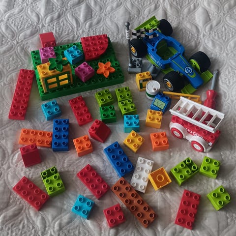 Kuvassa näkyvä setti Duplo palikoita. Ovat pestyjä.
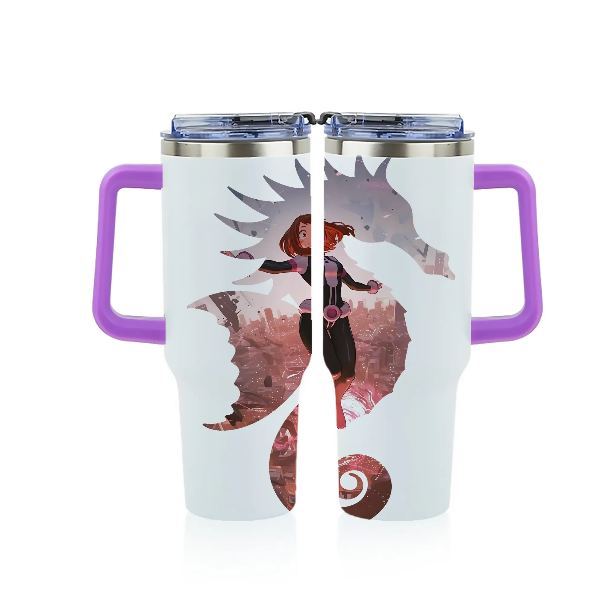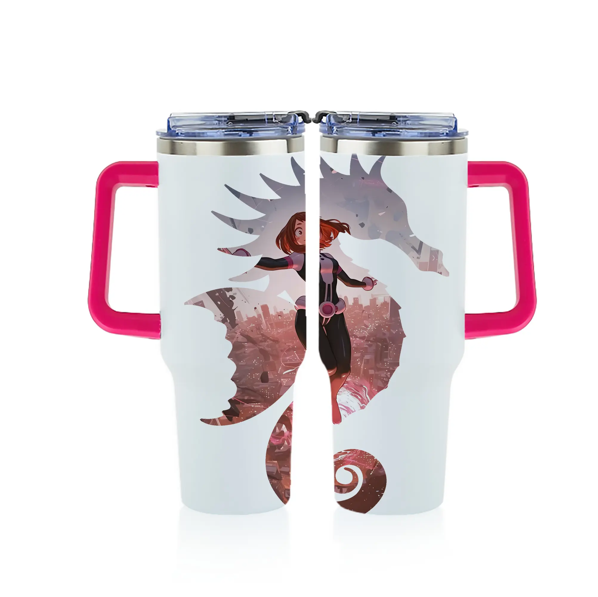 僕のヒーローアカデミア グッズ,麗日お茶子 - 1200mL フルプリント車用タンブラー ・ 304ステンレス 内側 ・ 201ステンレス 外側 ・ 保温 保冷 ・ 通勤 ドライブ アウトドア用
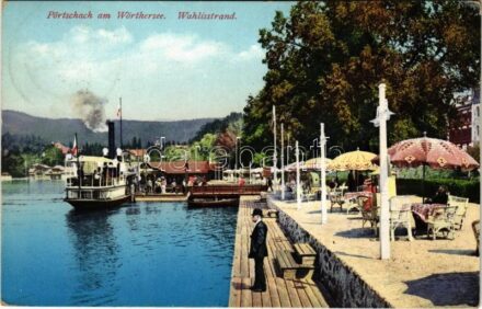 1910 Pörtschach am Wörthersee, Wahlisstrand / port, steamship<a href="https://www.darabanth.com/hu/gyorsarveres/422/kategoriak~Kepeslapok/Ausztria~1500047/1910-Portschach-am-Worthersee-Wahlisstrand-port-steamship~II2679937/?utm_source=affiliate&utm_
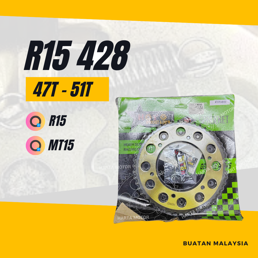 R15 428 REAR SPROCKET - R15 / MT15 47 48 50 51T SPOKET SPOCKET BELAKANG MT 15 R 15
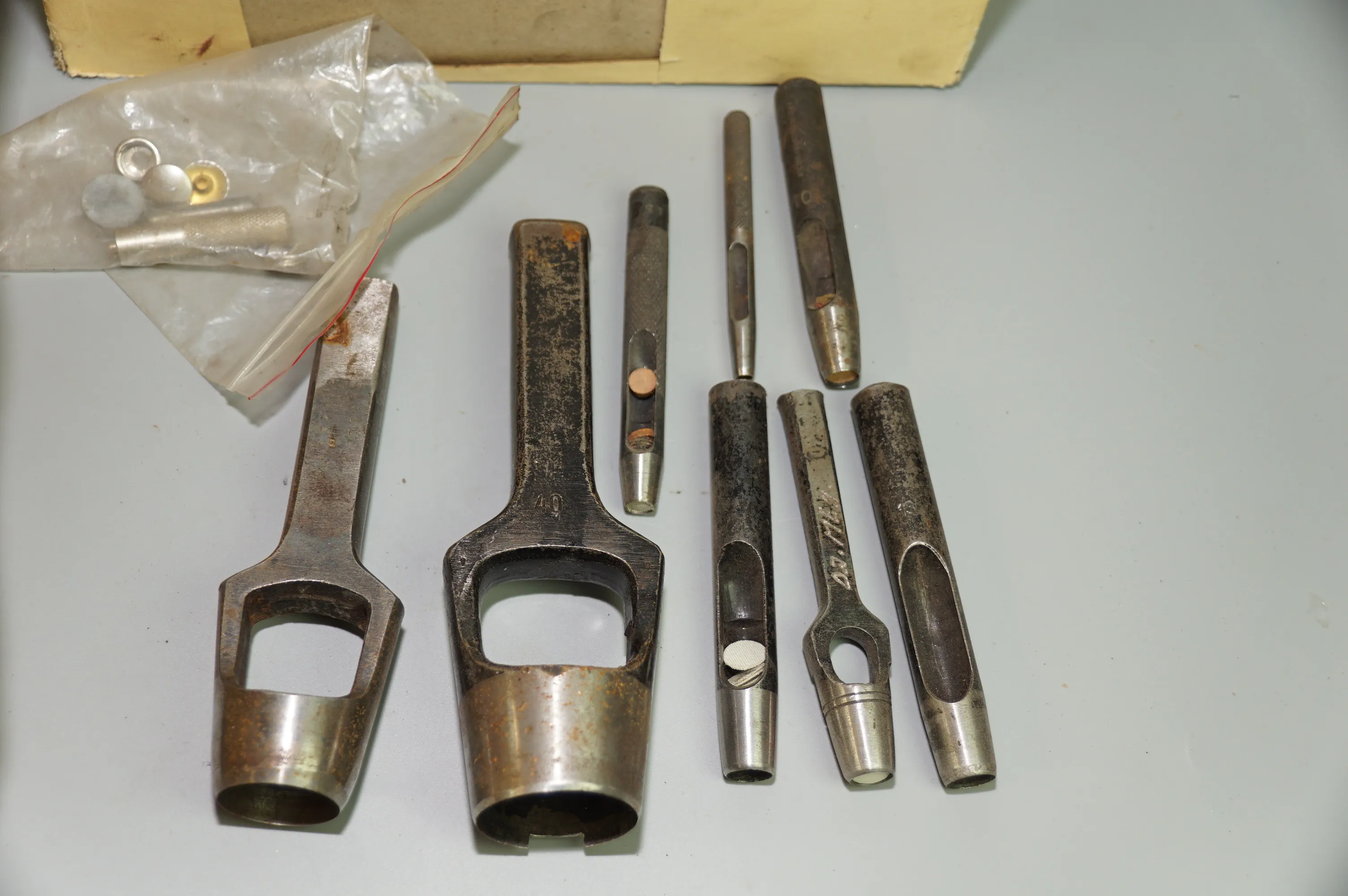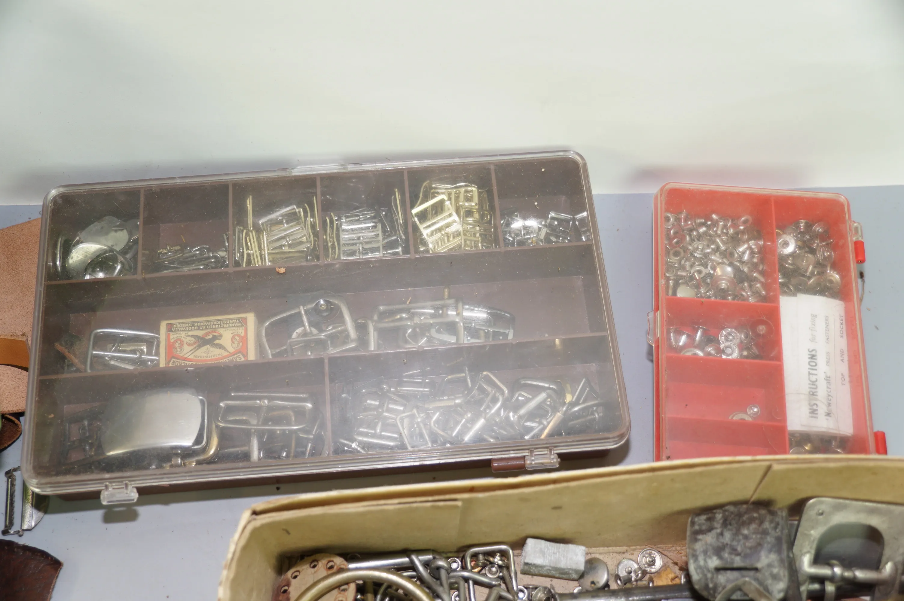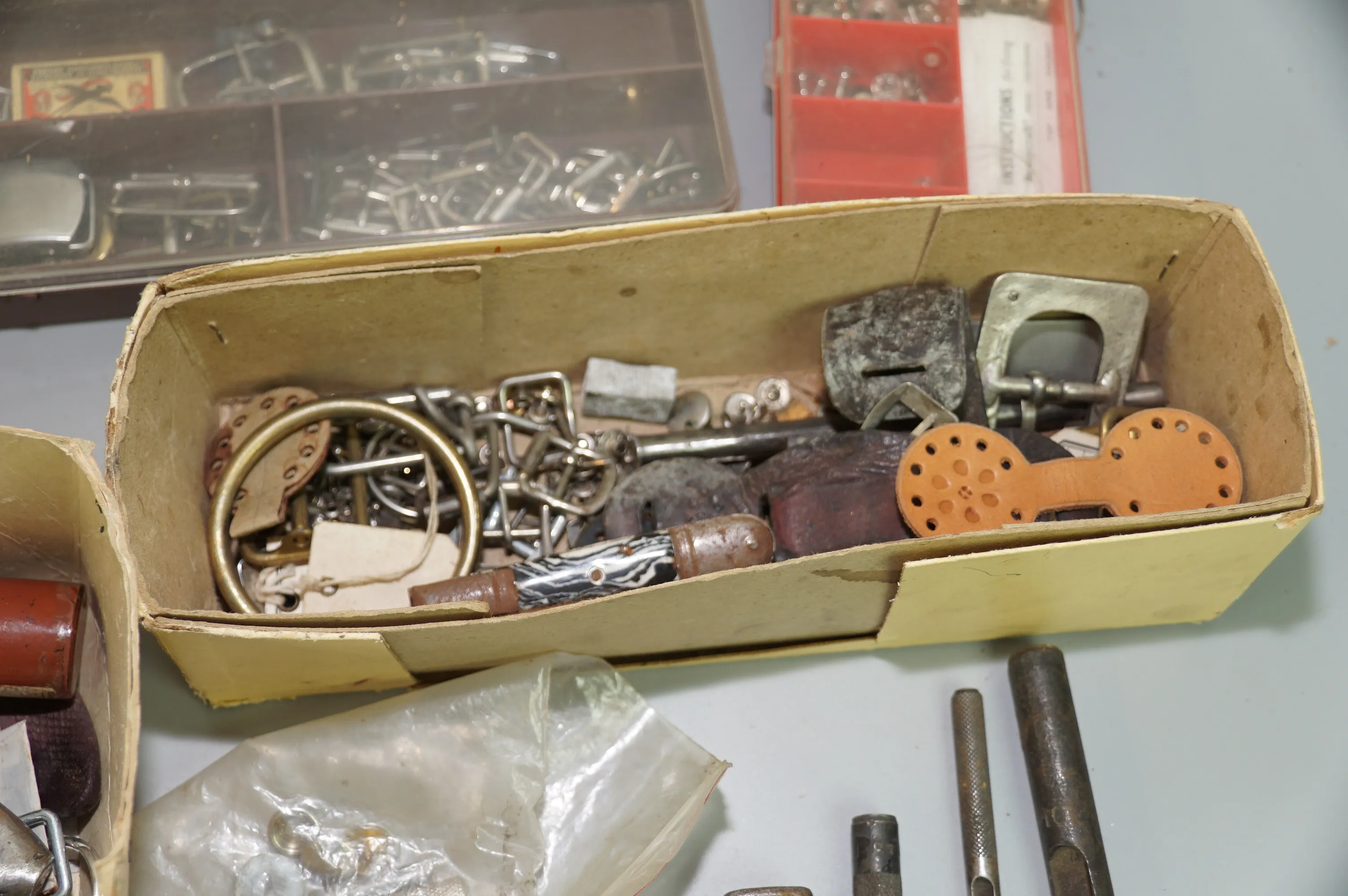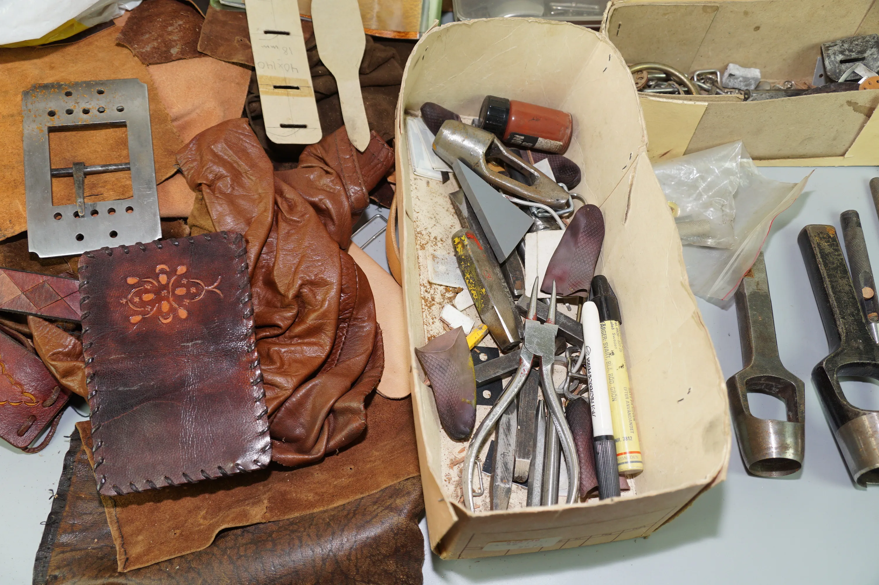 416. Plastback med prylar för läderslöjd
++++++
Task:
Make an exact copy of the records from their first line through the line containing "僕のヒーローアカデミア グッズ,麗日お茶子 - 1200mL", both ends included, with the pictures omitted.

Task solution:
 Kuvassa näkyvä setti Duplo palikoita. Ovat pestyjä.
 僕のヒーローアカデミア グッズ,麗日お茶子 - 1200mL フルプリント車用タンブラー ・ 304ステンレス 内側 ・ 201ステンレス 外側 ・ 保温 保冷 ・ 通勤 ドライブ アウトドア用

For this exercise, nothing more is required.